## Input
● ● ●

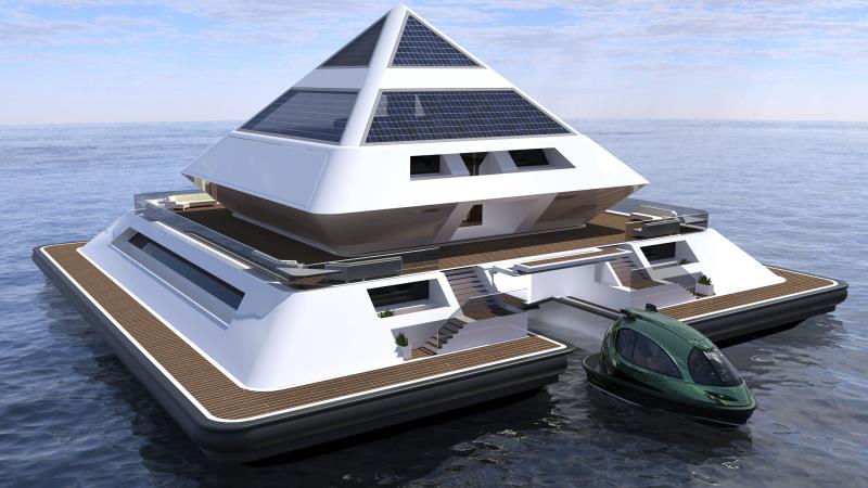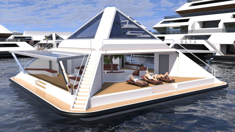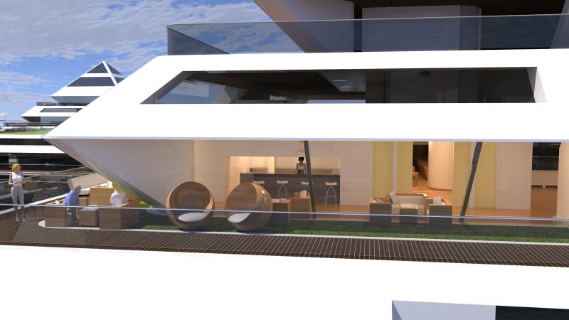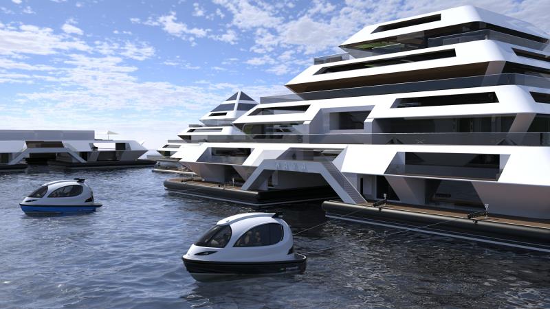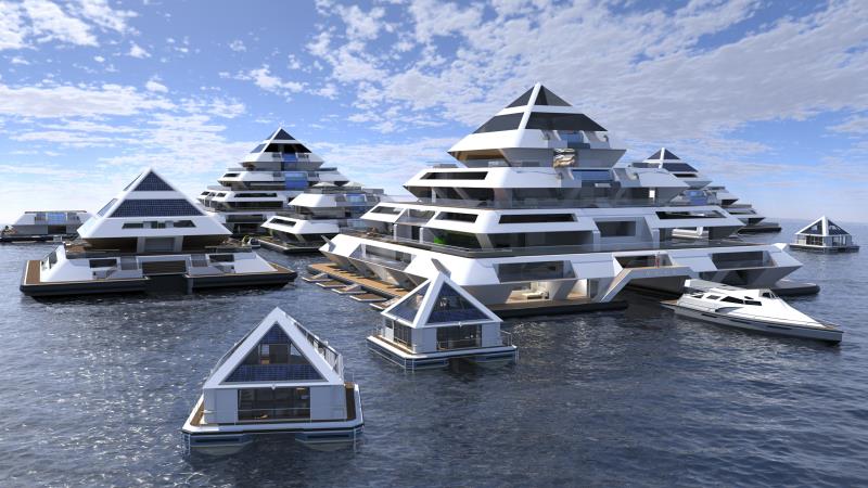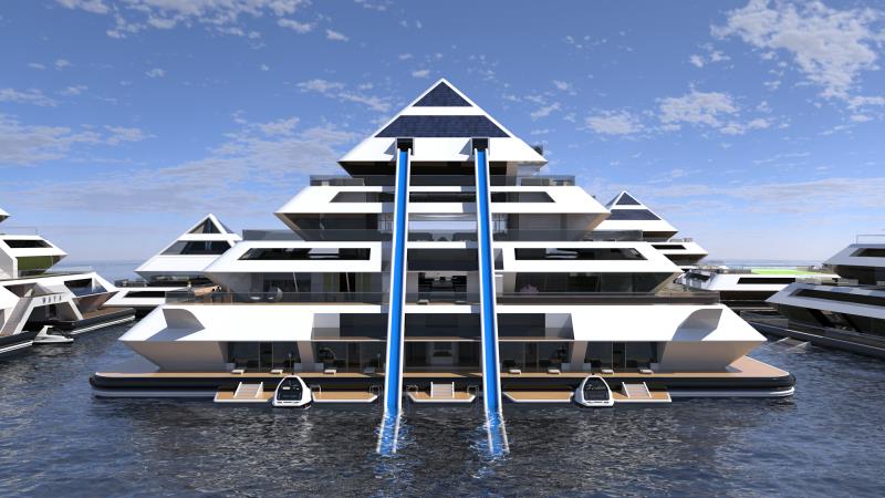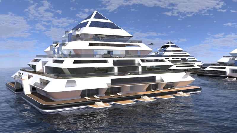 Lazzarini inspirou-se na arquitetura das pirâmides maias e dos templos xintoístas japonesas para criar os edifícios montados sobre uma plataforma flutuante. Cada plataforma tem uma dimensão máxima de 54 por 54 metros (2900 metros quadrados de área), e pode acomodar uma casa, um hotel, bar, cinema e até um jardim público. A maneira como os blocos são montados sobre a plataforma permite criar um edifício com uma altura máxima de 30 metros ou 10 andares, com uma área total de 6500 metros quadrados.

● ● ●

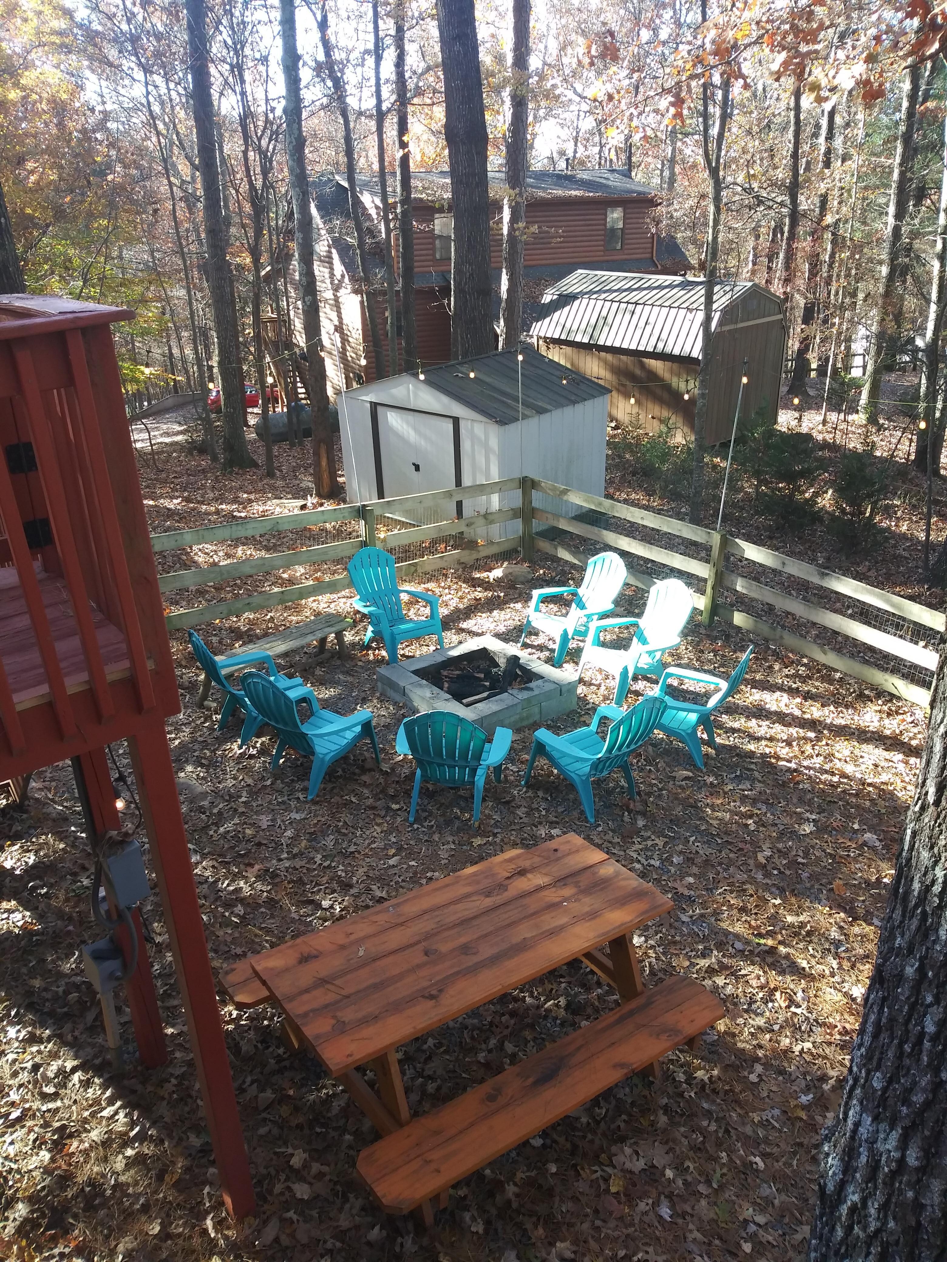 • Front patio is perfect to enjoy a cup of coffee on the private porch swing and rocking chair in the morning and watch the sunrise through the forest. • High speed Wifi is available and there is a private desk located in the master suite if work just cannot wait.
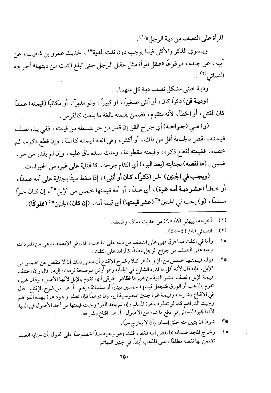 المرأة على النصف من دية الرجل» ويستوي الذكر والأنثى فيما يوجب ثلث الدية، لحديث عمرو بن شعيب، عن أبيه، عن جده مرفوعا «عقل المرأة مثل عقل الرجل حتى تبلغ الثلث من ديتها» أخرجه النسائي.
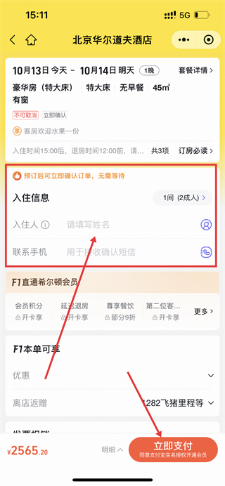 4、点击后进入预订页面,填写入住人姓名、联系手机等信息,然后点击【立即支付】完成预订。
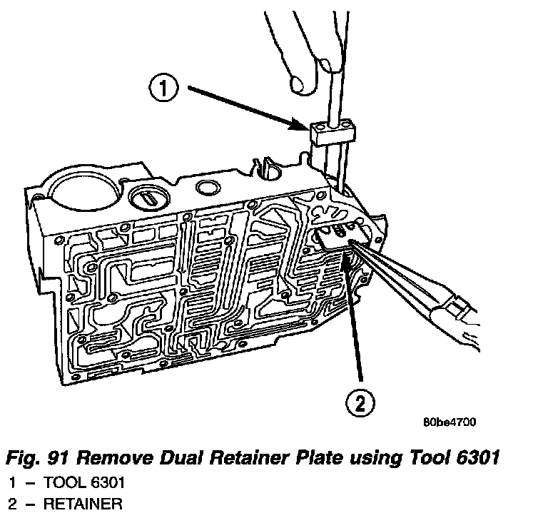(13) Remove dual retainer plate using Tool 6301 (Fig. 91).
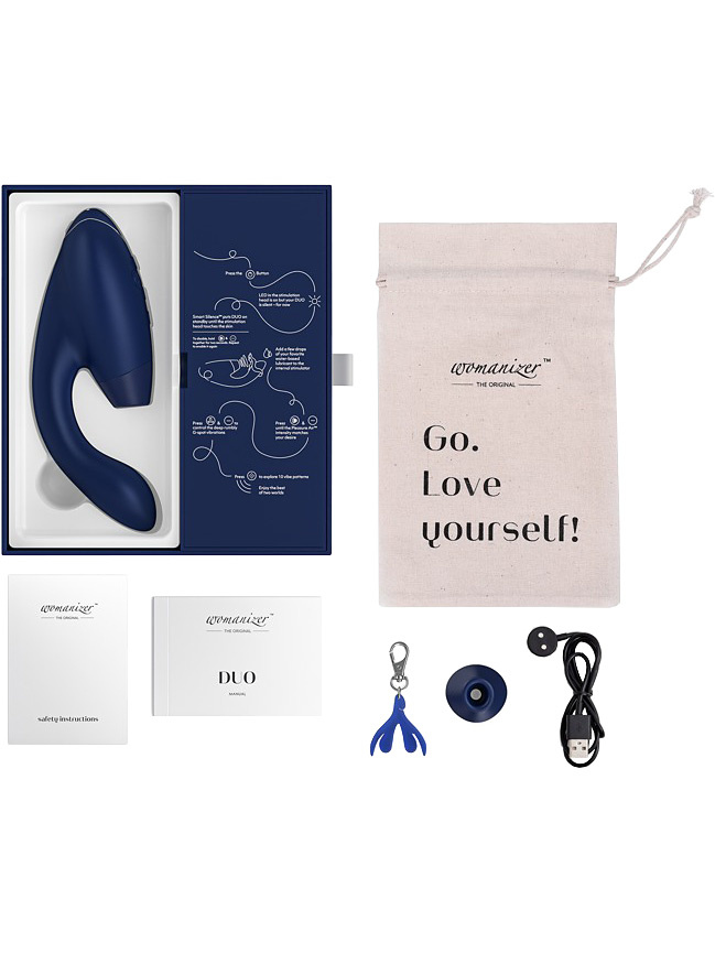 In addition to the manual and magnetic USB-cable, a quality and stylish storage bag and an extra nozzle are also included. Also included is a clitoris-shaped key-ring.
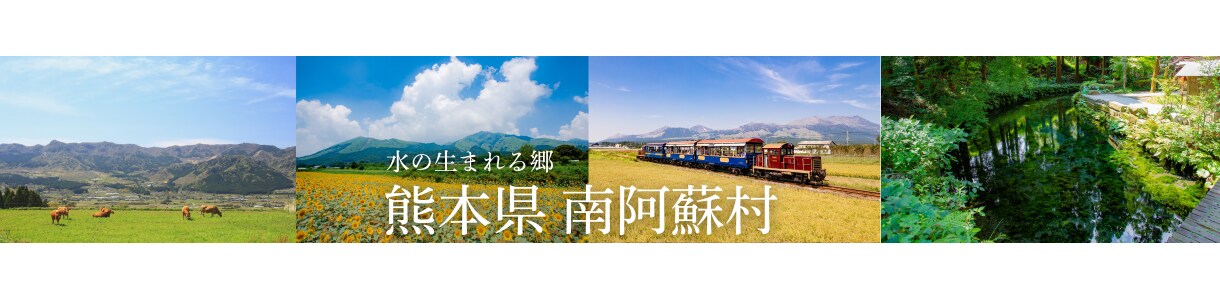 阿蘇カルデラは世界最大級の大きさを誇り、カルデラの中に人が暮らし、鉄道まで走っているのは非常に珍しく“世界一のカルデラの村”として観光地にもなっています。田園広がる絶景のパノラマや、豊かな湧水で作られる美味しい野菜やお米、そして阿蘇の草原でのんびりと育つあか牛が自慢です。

● ● ●

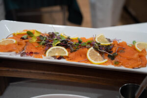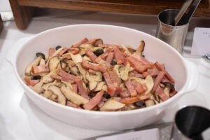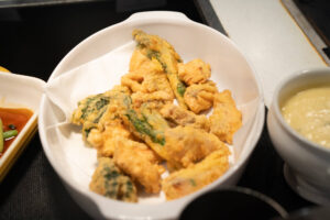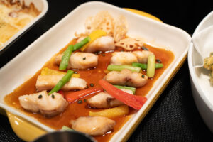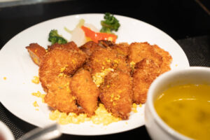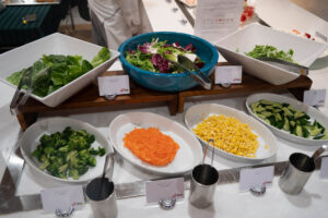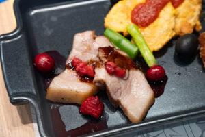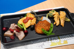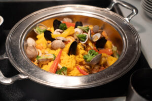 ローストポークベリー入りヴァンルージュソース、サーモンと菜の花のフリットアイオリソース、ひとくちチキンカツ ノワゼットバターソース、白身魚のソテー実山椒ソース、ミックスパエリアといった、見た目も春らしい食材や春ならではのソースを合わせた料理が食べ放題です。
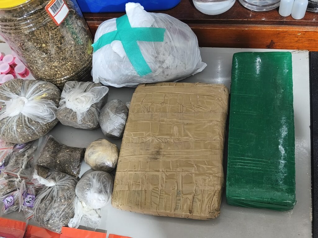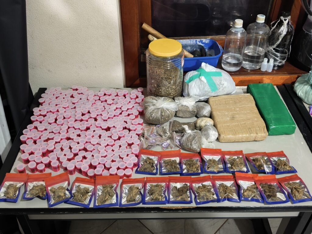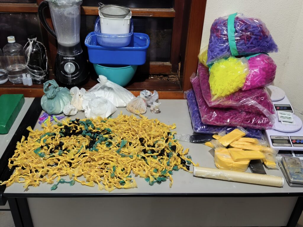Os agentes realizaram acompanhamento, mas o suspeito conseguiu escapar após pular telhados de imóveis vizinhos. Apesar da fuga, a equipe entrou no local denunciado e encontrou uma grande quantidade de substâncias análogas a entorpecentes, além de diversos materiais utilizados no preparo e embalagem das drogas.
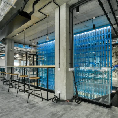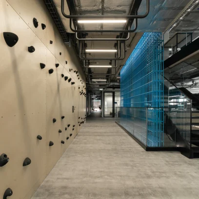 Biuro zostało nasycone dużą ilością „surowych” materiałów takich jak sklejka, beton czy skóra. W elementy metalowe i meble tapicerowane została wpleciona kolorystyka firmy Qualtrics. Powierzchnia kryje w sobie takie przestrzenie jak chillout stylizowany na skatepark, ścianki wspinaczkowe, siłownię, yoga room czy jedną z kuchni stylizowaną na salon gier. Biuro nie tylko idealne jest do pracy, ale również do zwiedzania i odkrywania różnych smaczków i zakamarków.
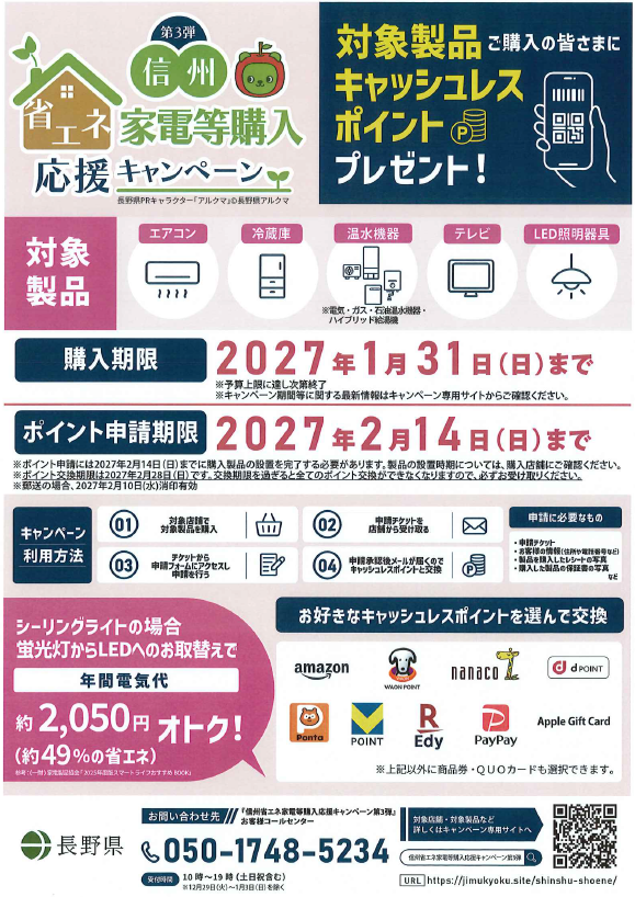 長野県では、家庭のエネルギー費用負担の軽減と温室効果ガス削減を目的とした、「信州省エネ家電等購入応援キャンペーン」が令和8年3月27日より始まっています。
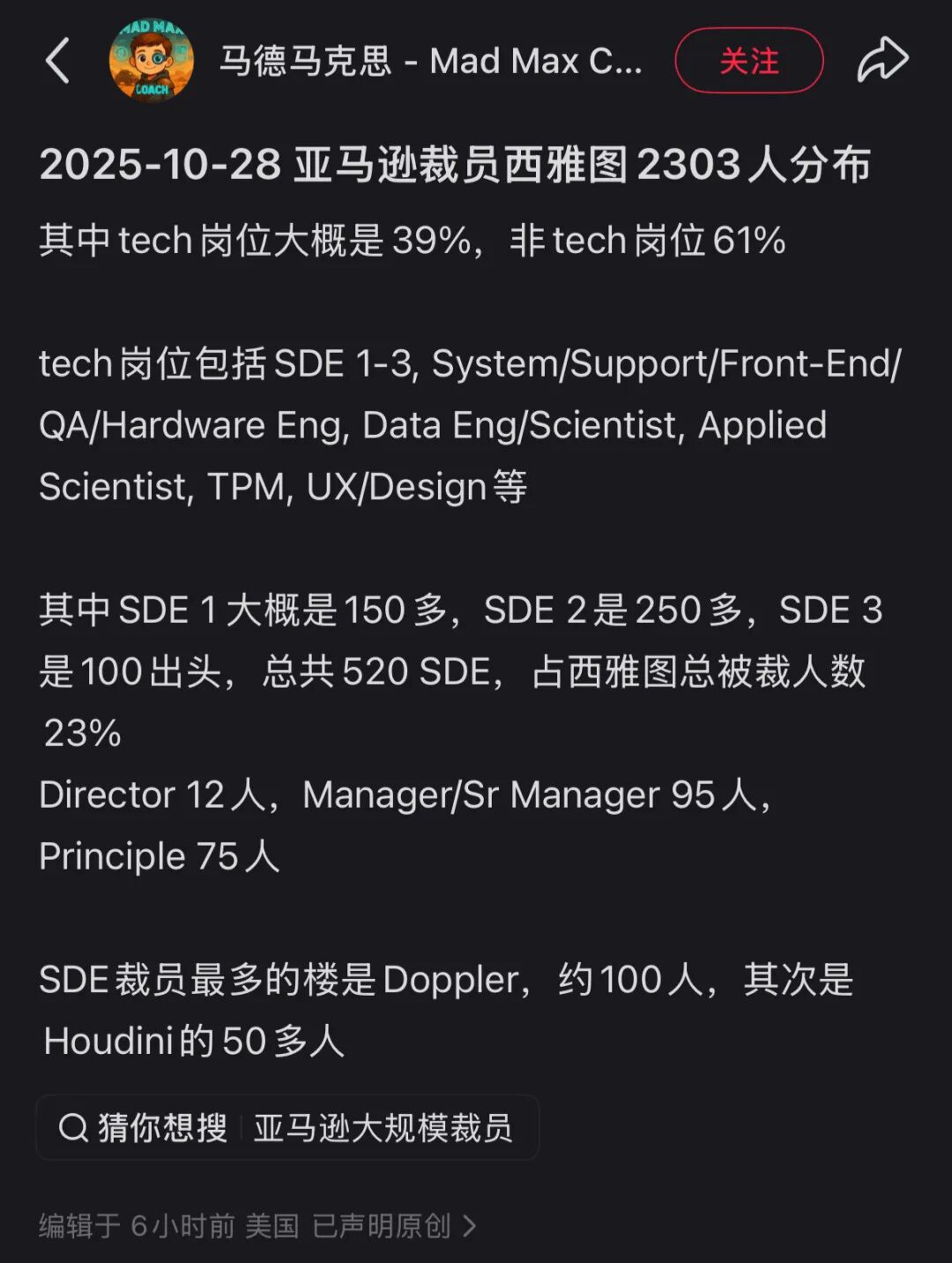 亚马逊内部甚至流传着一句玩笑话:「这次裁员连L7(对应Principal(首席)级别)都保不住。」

● ● ●

## Problem details
Your answer must be the exact lines from the records above, from the one containing "In addition to" through the one containing "阿蘇カルデラは世界最大級の大", both included, with every picture left out.

## Response area
 In addition to the manual and magnetic USB-cable, a quality and stylish storage bag and an extra nozzle are also included. Also included is a clitoris-shaped key-ring.
 阿蘇カルデラは世界最大級の大きさを誇り、カルデラの中に人が暮らし、鉄道まで走っているのは非常に珍しく“世界一のカルデラの村”として観光地にもなっています。田園広がる絶景のパノラマや、豊かな湧水で作られる美味しい野菜やお米、そして阿蘇の草原でのんびりと育つあか牛が自慢です。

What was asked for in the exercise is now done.